Elaine já é considerada culpada por não saber quem estava colocando dentro de casa. Afinal, a mulher que deve saber com quem se relaciona, não é mesmo? Um sexto sentido que nunca foi ensinado a nós mulheres, da mesma forma que o respeito à mulher e a igualdade de gênero nunca foi ensinada aos homens. São os homens, afinal de contas, que agridem, abusam, estupram e matam.

Casos de feminicídio, assim como o de violência sexual, não são cometidos por homens estranhos que se escondem às sombras prontos para atacar mulheres indefesas que ousaram estar fora de casa na madrugada. Na verdade, são cometidos na sua grande maioria por homensque são parte da vida dessas mulheres. São maridos, namorados, amigos, colegas de trabalho e familiares. Homens que pagam impostos, beijam suas filhas, respeitam o sinal vermelho e dizem ser decentes, inclusive. O risco que nós mulheres corremos não é nossa imprudência, mas sim viver ao lado de homens.
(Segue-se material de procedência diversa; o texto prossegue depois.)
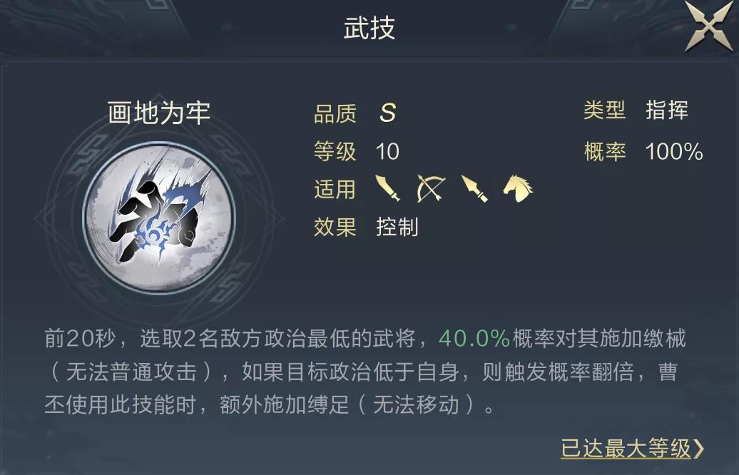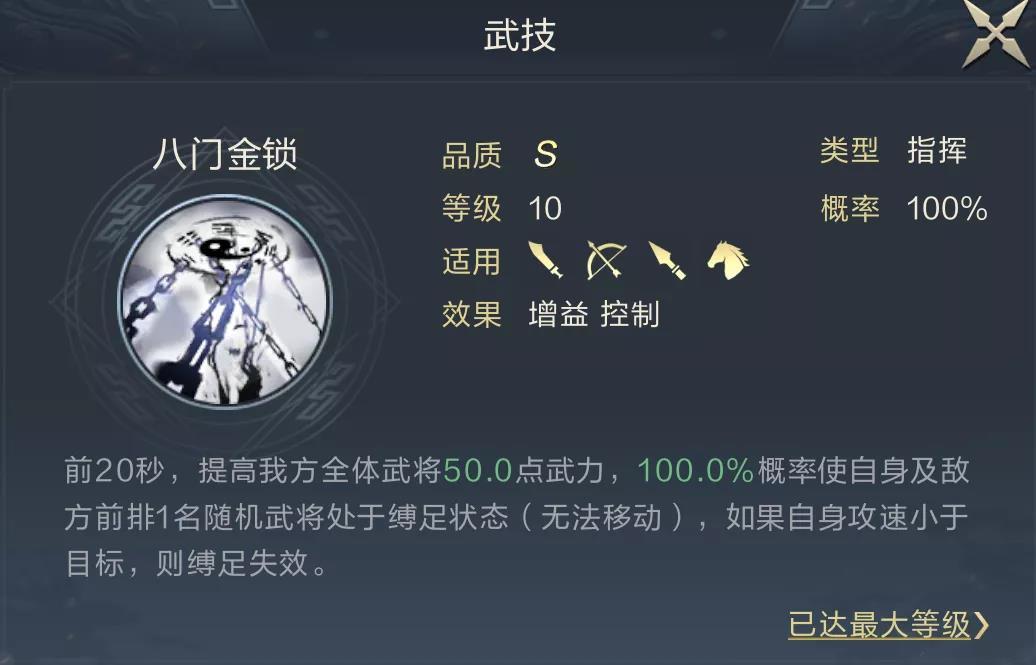 荀彧必备武技八门金锁,依靠张辽提供的高额攻速,能最大限度保证开局锁人的稳定性,另一个技能可以根据敌人类型进行更换,如黄天等法系队伍使用空城计,吴封等连击队伍或武力队伍则使用画地为牢。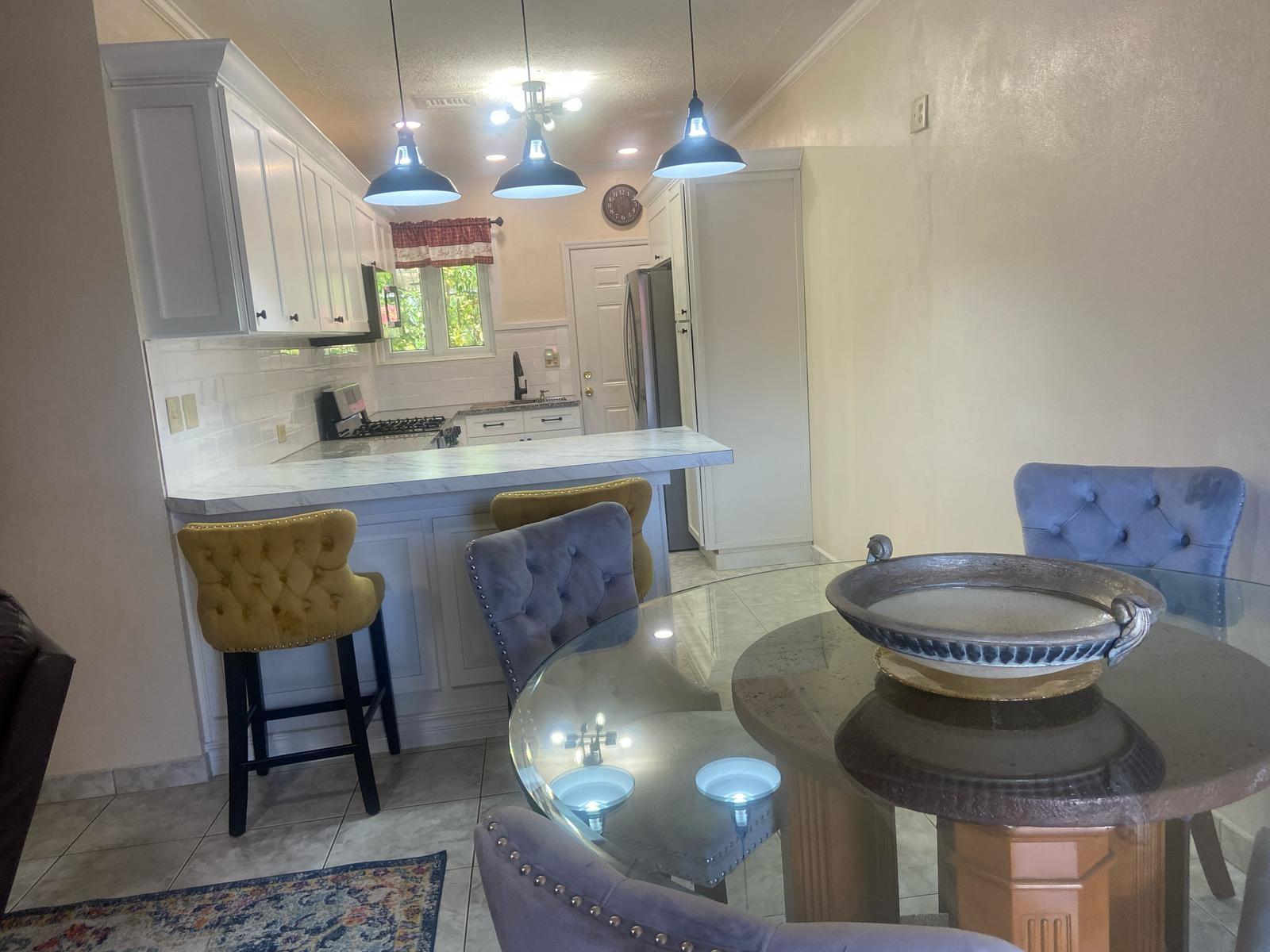 This charming 2 bed, 1 bath apartment is located on Yamacraw Hill road and is close to the beach! It features modern furnishings, two queen beds, storage closets, a spacious kitchen and breakfast bar, a double vanity in the bathroom, split AC units, and a washer and dryer, and it includes water. The exterior is welcoming, with patio furniture, tropical plants, and native trees. There is additional space at the rear of the property for entertaining or relaxing outdoors and designated parking at the front. Conveniently located adjacent to Port New Providence and a stone's throw away from Treasure Cove, Solomon's Fresh Market, private schools and churches. The unit is easily accessed from Prince Charles Drive or Eastern Road. Available for immediate occupancy, please call to schedule an appointment.

Elaine não foi agredida porque postava fotos de biquíni nas redes sociais ou porque quis conhecer um cara que parecia legal após oito meses de conversa. Assim como as mais de 200 mulheres vítimas de feminicídio em 2019 não foram culpadas pela violência que sofreram. Os culpados são os que cometem a violência. E não se vê foto deles estampada nas redes sociais como as de Elaine.